Command-line Tools (tools)#

Introduction#

ctapipe.tools contains the command line tools that use the ctapipe framework. All commandline tools inherit from ctapipe.core.Tool which provides a common user-interface experience, complete with command-line and configuration file handling, logging, and provenance features. See ctapipe.core documentation for examples.

Getting Started#

You can find out what ctapipe tools are installed using the ctapipe-info command-line tool:

ctapipe-info --tools        # list all tools
ctapipe-info --version      # show ctapipe version
ctapipe-info --dependencies # list dependencies

To find out more about a specific tool, use it’s --help command-line option

Common Tool Functionality#

  • High-level command-line options can be seen with --help

  • Low-level (Component) options can be seen with --help-all

  • You can either specify options on the command-line, or in a config file (so far in JSON or python format, see the documentation for traitlets.config). Specify this configuration file using the --config=FILENAME option.

  • You can set the logging level of a tool using --log_level to a value or name in the list [0, 10, 20, 30, 40, 50, 'DEBUG', 'INFO', 'WARN', 'ERROR', 'CRITICAL']. By default, only warning messages are shown, but if you specify DEBUG you will get everything.

Developing a New Tool#

To create a new command-line Tool, follow the following procedure:

  1. make a subclass of ctapipe.core.Tool

  2. define any user-configurable parameters of the tool

  3. register all configurable ctapipe.core.Component classes that you want to be configured via the Tool via its classes attribute

  4. use the aliases attribute to promote any parameters from one of the sub-Components to a high-level a command-line parameter (they can still be specified using the advanced command-line command syntax or via a config file if you do not do this, but if the parameter is commonly changed by the user, having it be high-level is more convenient

  5. overload the setup(self), start(self), and finish(self) methods to implement the functinatlity of the tool (these will be called in order when you call the run() method.
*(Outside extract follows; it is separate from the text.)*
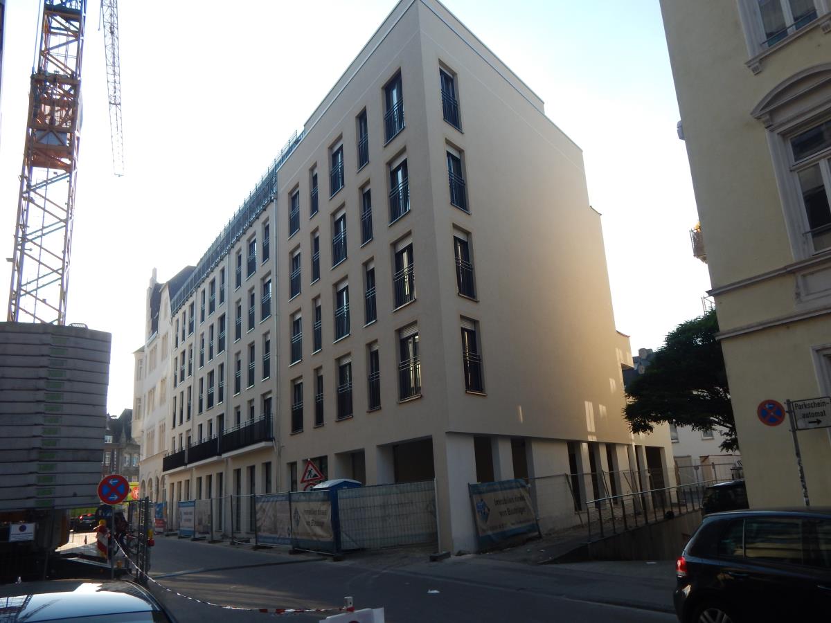 Wohnen in der Innenstadt unmittelbar an der Porta bzw. Beginn der Fußgängerzone. Attraktive Penthousewohnung mit tollem Stadtblick in einer der gefragtesten Lagen von Trier, mitten im Zentrum. In dieser exponierten Lage sind zwei Mehrfamilienhäuser mit altersgerechten Eigentumswohnungen mit moderner Technik und guter handwerklicher Ausführung entstanden. Die Beheizung erfolgt über eine moderne Wärmepumpe mit Erdwärme. Die Warmwasserbereitung erfolgt über wohnungsbezogene Frischwasserstationen. Das Angebot bezieht sich auf die helle Penthousewohnung 18 im Maisonettestil. Besonderheit dieser Wohnung ist, dass innerhalb der Wohnung der Aufzug weitergeführt wird, so dass die obere Wohnebene auf Wunsch ebenfalls mit dem Aufzug angefahren werden kann. Die Wohnung besteht in der unteren Wohnebene aus dem Eingangsbereich mit Garderobe und Diele, dem Schlafraum 1 mit Ausgang auf die umlaufende Dachterrasse, dem Bad mit Fenster sowie dem Kinderzimmer/Büro ebenfalls mit Ausgang auf die Dachterrasse. Sie erreichen die obere Wohnebene wahlweise über die Treppe bzw. den behindertengerechten Aufzug. Hier befindet sich der offene Wohn/Essbereich mit Kochen (mit Einbauküche) und Ausgang auf die Dachterrasse sowie das Gäste-WC. Die Wohnung hat einen besonderen Flair. Die Wohnfläche beträgt ca. 128 m². Der Wohnung ist kurzfristig beziehbar. Der Wohnung ist ein Kellerraum im Untergeschoß zugeordnet, was über den Aufzug erreichbar ist. Zur Wohnung gehören ein Stellplatz im Garagensystem sowie ein Außenstellplatz, die gegen einen Mehrpreis von jeweils 30.000 EUR erworben werden können.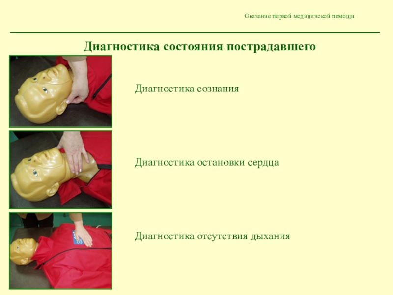 При остановке дыхания и отсутствии пульса – приступить к искусственной вентиляции легких и наружному массажу сердца.

  6. make sure you have a function called main() that creates and runs your tool in the source file.

  7. add the file and main() function you made in step 6 to the top-level setup.py file under the section called entry_points['console_scripts']. This will automatically create an executable called ctapipe-* where * is the name of the source file of your tool (e.g. mytool.py will become ctapipe-mytool.
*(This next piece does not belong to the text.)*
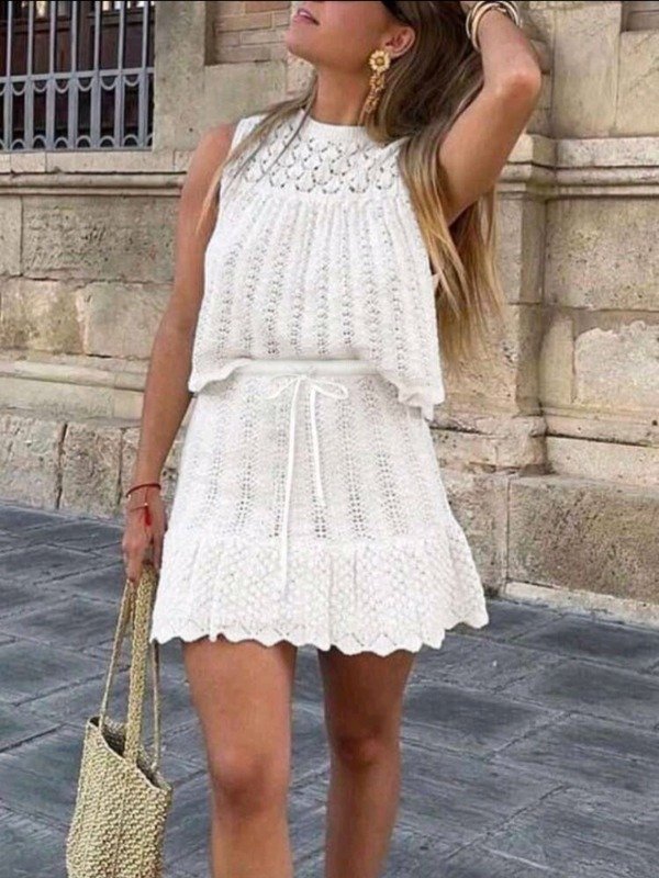 Un conjunto fresco, delicado y súper femenino, ideal para vacaciones, verano y días de calor. Su tejido calado estilo crochet aporta textura, movimiento y un look playero elegante sin esfuerzo.

  8. this new tool will be installed in the bin directory next time you run make develop at the top-level of ctapipe, or if you re-install the ctapipe package in non-developer mode.

Reference/API#

ctapipe.tools Package#

ctapipe command line tools.

ctapipe.tools.process Module#

Generate DL1 (a or b) output files in HDF5 format from {R0,R1,DL0} inputs.

Classes#

ProcessorTool(**kwargs)

Process data from lower-data levels up to DL1 and DL2, including image extraction and optionally image parameterization as well as muon analysis and shower reconstruction.

ctapipe.tools.train_energy_regressor Module#

Tool for training the EnergyRegressor

Classes#

TrainEnergyRegressor(**kwargs)

Tool to train a EnergyRegressor on dl1b/dl2 data.
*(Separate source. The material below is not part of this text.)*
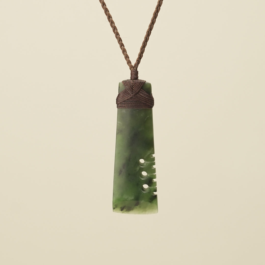 Notched Toki Kahurangi Medium Pounamu Pendant Brown Binding

ctapipe.tools.train_particle_classifier Module#

Tool for training the ParticleClassifier

Classes#

TrainParticleClassifier(**kwargs)

Tool to train a ParticleClassifier on dl1b/dl2 data.

ctapipe.tools.train_disp_reconstructor Module#

Tool for training the DispReconstructor

Classes#

TrainDispReconstructor(**kwargs)

Tool to train a DispReconstructor on dl1b/dl2 data.

ctapipe.tools.apply_models Module#

Tool to apply machine learning models in bulk (as opposed to event by event).

Classes#

ApplyModels(**kwargs)

Apply machine learning models to data.